I have memory that _header() is called with daddr being valid pointer,
but pointing to zero memory. So basically my situation would break with
this.

The above configuration would be fixable by setting broadcast to tun1
interface explicitly. But I'm not sure if the above configuration is
somehow different that it'd need to work.

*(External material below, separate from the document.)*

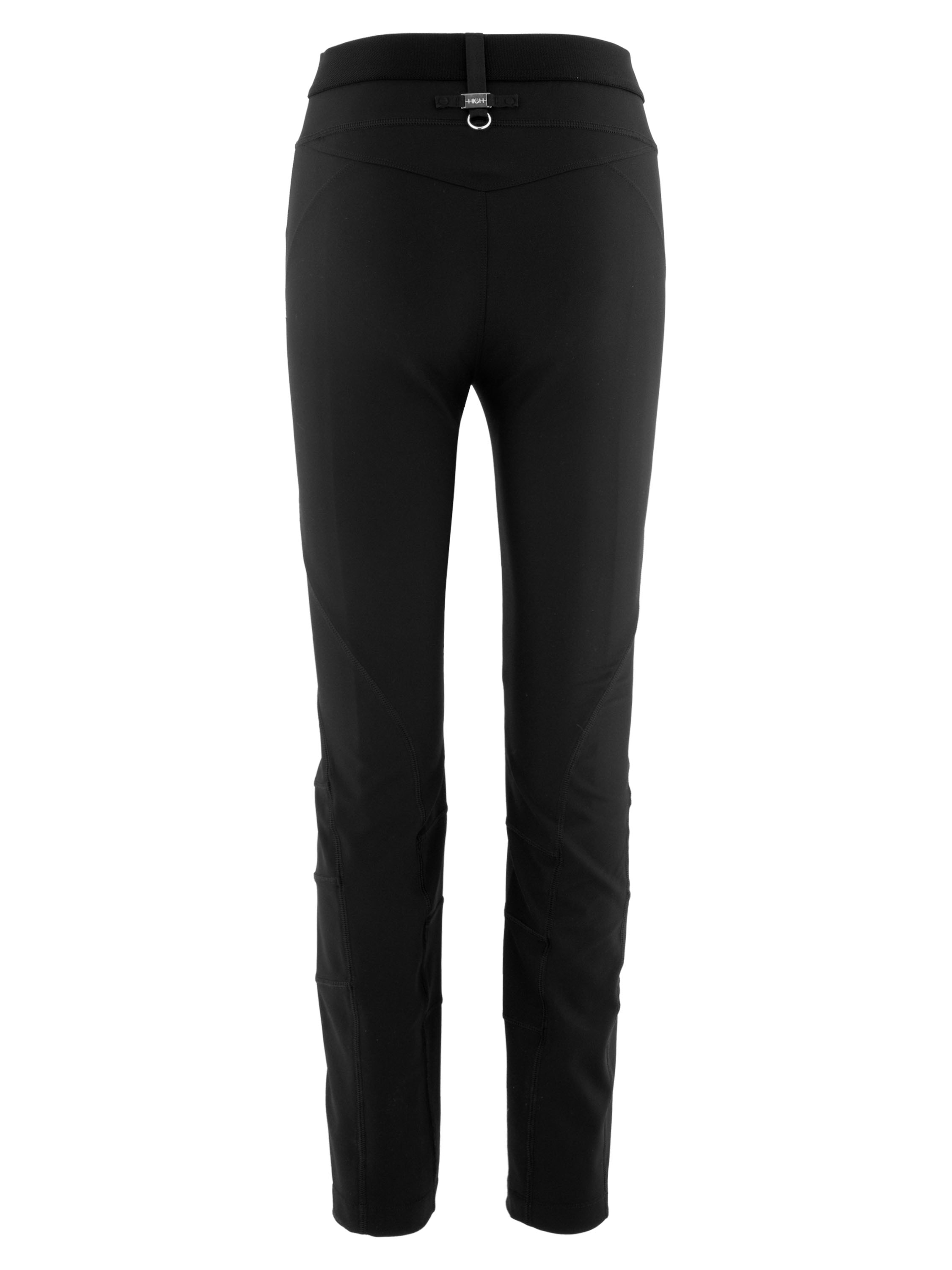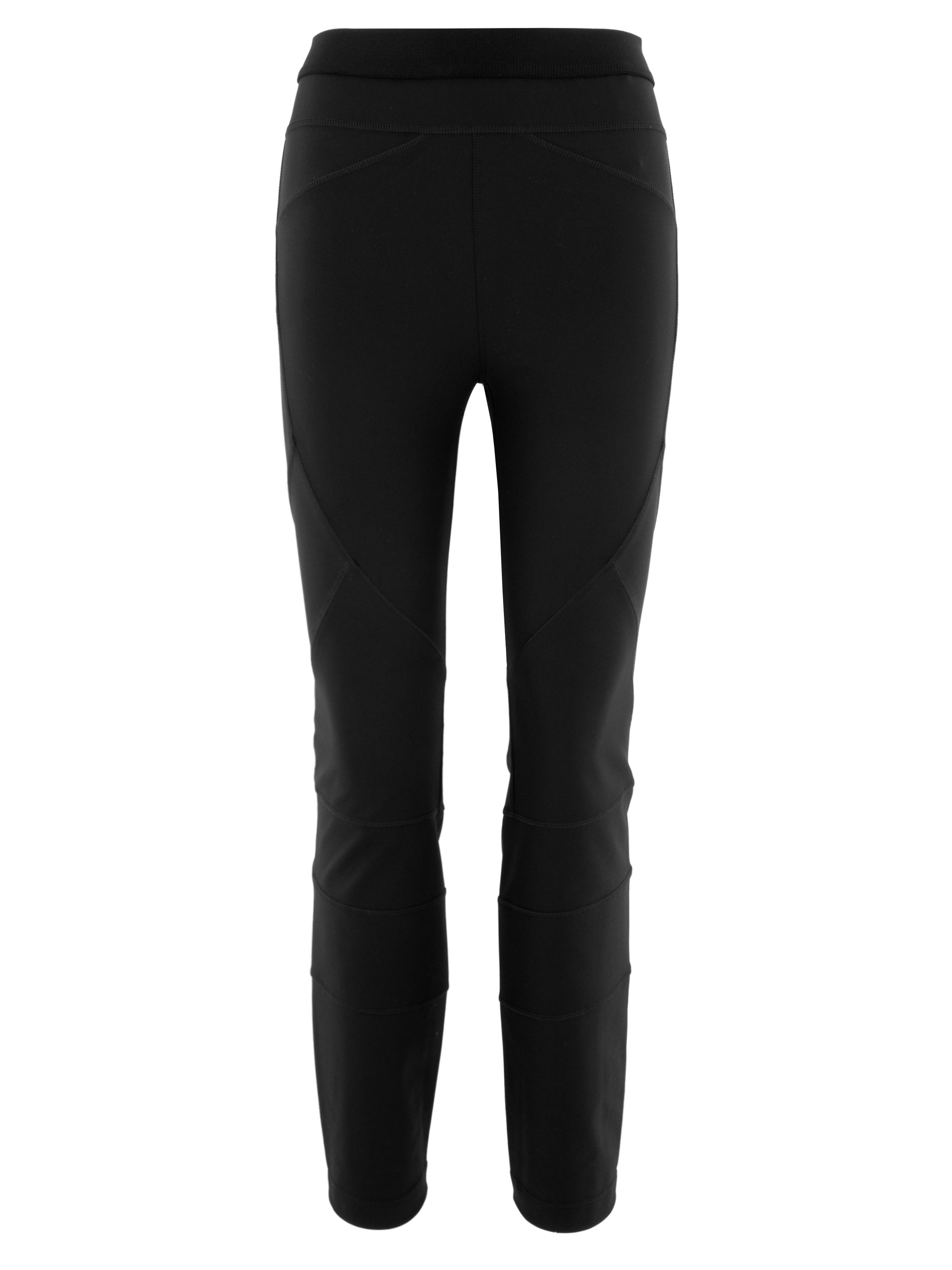 Een broek van High in de kleur zwart. In de taille is een elastieken band. De broek heeft meerdere decoratieve diagonale en horizontale stiknaden. Deze broek mag op de hand worden gewassen.

Basically how things work on send path is:
 1. arp_constructor maps multicast address to NUD_NOARP
 2. arp_mc_map in turn copies dev->broadcast to haddr
    (so you get the ip packet pointing to zero ip)
    - i assumed normally gre tunnels would have the
      broadcast address set
 3. ipgre_tunnel_xmit checks for daddr==0 and uses the
    rt_gateway then, which would map to the multicast
    address

So I assume that the above ping command not working would end up sending
gre encapsulated packet where both the inner and outer IP address is the
same multicast address?

Looks like my patch also broke the default behaviour that if one has
such GRE tunnel, and you send unicast packets, it would default the link
destination to be same as the inner destination. Not sure if this would
be useful.

So basically my situation is undistinguishable from the above one. The
only difference is that the above problems only with multicast, and I'm
having with unicast.

I think the fundamental problem is that arp_mc_map maps the multicast
address to zeroes (due to device broadcast being zero).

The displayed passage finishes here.